2 And there was of the house of Saul a servant whose name was Ziba. And when they had called him unto David, the king said unto him, Art thou Ziba? And he said, Thy servant is he.
3 And the king said, Is there not yet any of the house of Saul, that I may shew the kindness of God unto him? And Ziba said unto the king, Jonathan hath yet a son, which is lame on his feet.
4 And the king said unto him, Where is he? And Ziba said unto the king, Behold, he is in the house of Machir, the son of Ammiel, in Lodebar.
5 Then king David sent, and fetched him out of the house of Machir, the son of Ammiel, from Lodebar.
6 Now when Mephibosheth, the son of Jonathan, the son of Saul, was come unto David, he fell on his face, and did reverence. And David said, Mephibosheth. And he answered, Behold thy servant!

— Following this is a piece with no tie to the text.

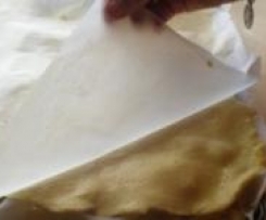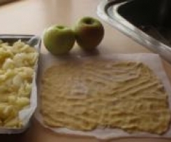 With the remaining mixture, press out on to a piece of glad bake the size of the tin. Once you have the desired shape turn upside down and place on top of apples and peel off the glad bake. Prick with a fork and sprinkle genoursly with raw sugar.

7 And David said unto him, Fear not: for I will surely shew thee kindness for Jonathan thy father’s sake, and will restore thee all the land of Saul thy father; and thou shalt eat bread at my table continually.
8 And he bowed himself, and said, What is thy servant, that thou shouldest look upon such a dead dog as I am?

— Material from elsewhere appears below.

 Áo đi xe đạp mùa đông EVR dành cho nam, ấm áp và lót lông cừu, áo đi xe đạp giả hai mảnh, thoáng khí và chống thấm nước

9 Then the king called to Ziba, Saul’s servant, and said unto him, I have given unto thy master’s son all that pertained to Saul and to all his house.

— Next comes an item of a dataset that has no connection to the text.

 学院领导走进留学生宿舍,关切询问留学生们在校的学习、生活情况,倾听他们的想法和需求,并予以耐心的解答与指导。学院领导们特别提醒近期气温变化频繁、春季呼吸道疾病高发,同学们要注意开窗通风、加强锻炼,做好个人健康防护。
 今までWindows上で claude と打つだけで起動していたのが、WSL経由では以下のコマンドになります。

10 Thou therefore, and thy sons, and thy servants, shall till the land for him, and thou shalt bring in the fruits, that thy master’s son may have food to eat: but Mephibosheth thy master’s son shall eat bread alway at my table. Now Ziba had fifteen sons and twenty servants.
11 Then said Ziba unto the king, According to all that my lord the king hath commanded his servant, so shall thy servant do. As for Mephibosheth, said the king, he shall eat at my table, as one of the king’s sons.
12 And Mephibosheth had a young son, whose name was Micha. And all that dwelt in the house of Ziba were servants unto Mephibosheth.
13 So Mephibosheth dwelt in Jerusalem: for he did eat continually at the king’s table; and was lame on both his feet.
Before his death, Jonathan was heir apparent to King Saul's throne. One problem though - God had discontinued the line of kings from Saul (I Samuel 13:8-14, see notes) and anointed David instead (I Samuel 16:1-13, see notes). Now that David is in a position to do so, he finds the crippled son of Jonathan, Saul's grandson, and brings him into his care. You will recall that Mephibosheth became crippled from a fall as his nurse was fleeing with him after the deaths of Saul and Jonathan (II Samuel 4:1-12, see notes). Typically, a king would do everything possible to exterminate the descendants of previous kings in order to prevent their ascension to the throne at a later time. David, however, honors his friendship with Saul's son, Jonathan. He gives him servants and promises to take care of him for the rest of his life. Saul's former servant, Ziba, strikes it rich here along with his entire household. They get the pleasure of serving Mephibosheth, compliments of David. So, David has subdued his enemies, built a nice house in Jerusalem and extended kindness to Saul's descendant; he's on a roll.
Incidentally, this man Ziba facilitates this Mephibosheth/David connection and subsequently gets a very nice job of taking care of Mephibosheth on behalf of King David. However, Ziba later deals treacherously with Mephibosheth - even lies about him (II Samuel 16:1-4, see notes). Sometimes it's simply hard to get good help.